Saturday 30th December 2017

Network Network Interruption

Disruption

  • Update (10:18): Our team are currently investigating what appears to be a major outage.
  • Update (10:31): One of our transit providers appears to have suffered a major outage and we are actively re-routing traffic around them.
  • Update (10:43): Traffic is now flowing as normal and we're in active contact with one of our upstream providers to understand the nature of the issue.
  • Update (10:56): The outage has been confirmed and acknowledged by one of our transit providers, caused by the failure of a core router. We are continuing to route traffic around this provider.

Post-Mortem

Our report from the incident is as follows.

Issue

Loss of connectivity from some ISPs.

Outage Length

The duration was 6 minutes.

Underlying cause

The outage experienced was due to one of our transit providers suffering an unexpected reboot of a router in Manchester.
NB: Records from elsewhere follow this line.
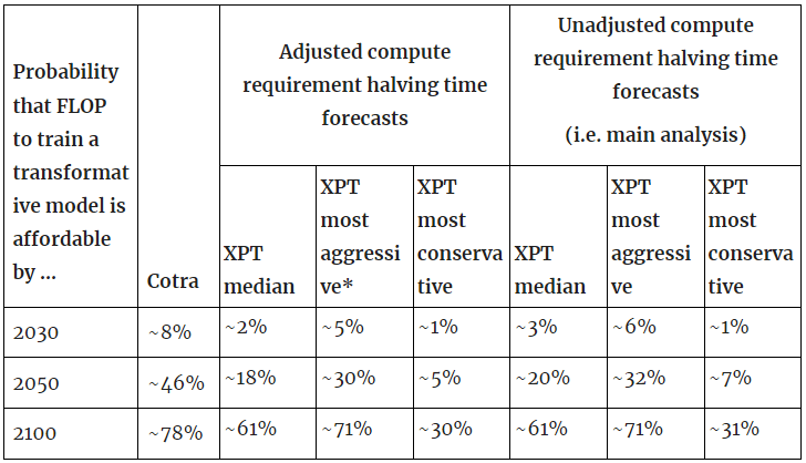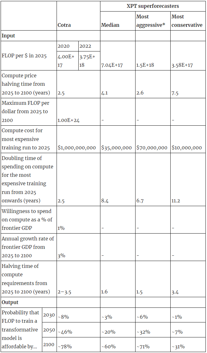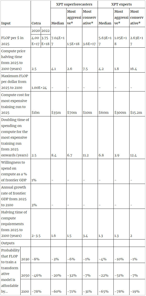 - Even the most aggressive XPT superforecaster inputs imply a lower probability that the compute required for training TAI is available than Cotra predicts, but the most conservative XPT superforecaster inputs predict TAI by 2100 as less likely than not.
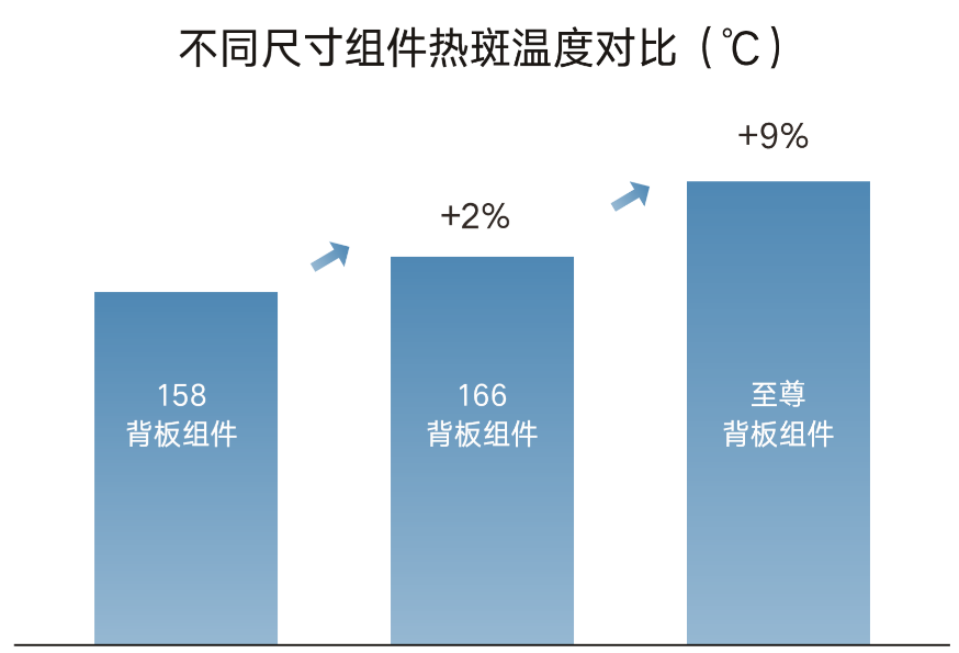 此外,根据IEC61215标准,至尊组件已通过热斑耐久性权威测试。图3比较了158、166、至尊三种不同系列背板组件的热斑最高温度。其中,至尊背板组件热斑最高温度仅比166组件高7%。因此,至尊组件在高功率输出的同时还保障了发生最恶劣阴影遮挡条件下,组件仍可以安全运行。
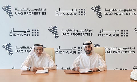 أعلنت شركة أم القيوين العقارية عن توقيع اتفاقية شراكة إستراتيجية مع شركة ديار للتطوير، المدرجة في سوق دبي المالية؛ بهدف تطوير مشاريع عقارية على واجهة أم القيوين البحرية، في خطوةٍ تعزز التنمية المستدامة في الإمارة.
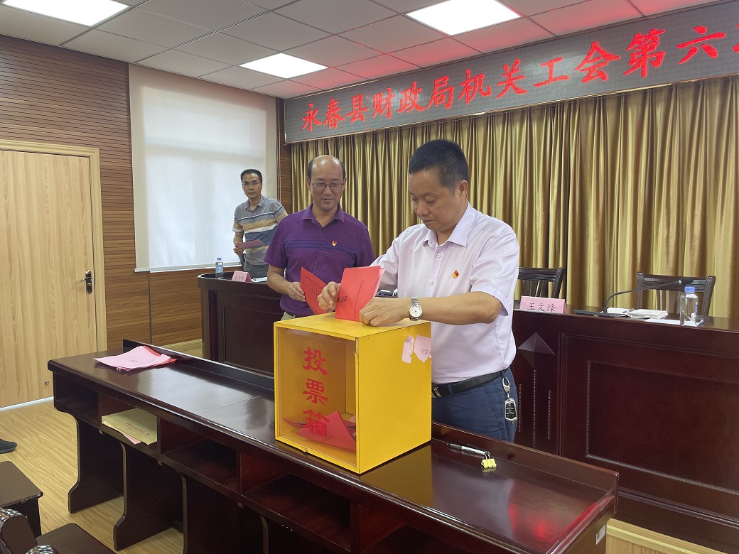会议审议通过了《永春县财政局机关工会第六次会员大会选举办法》,投票选举产生了林金建、刘仪玲、陈志轩、康华雯、王秋燕、吴德伟、张宝英、陈时洁、黄泽超等九位同志为县财政局机关工会第六届委员会委员, 林金建同志当选工会主席,吴德伟、陈时洁当选副主席;陈志轩、刘舒芹、黄泽超等三位同志为县财政局机关工会第六届经费审查委员会委员,陈志轩同志当选主任;刘仪玲、康华雯、张宝英、潘燕雯、王秋燕等五位同志为县财政局机关工会第六届女职工委员会委员,刘仪玲当选主任。

High CPU was noted at the time of the reboot which was what was responsible for dropped packets prior to reboot.

Symptoms

Our monitoring probes immediately reported the packet loss, which affected approximately 30% of our total inbound traffic.

Resolution

Our network operations team immediately shut down the connectivity to the affected transit provider and re-routed traffic around them. This restored full connectivity within seconds. The affected transit provider will remain "shut down" until we have seen consistent healthy performance, after which, it will be added to our transit pool.

Sonassi maintains connectivity from multiple independent transit providers to provide internet connectivity resilience. In this instance, a single provider failed, resulting in some traffic being briefly dropped prior to re-routing.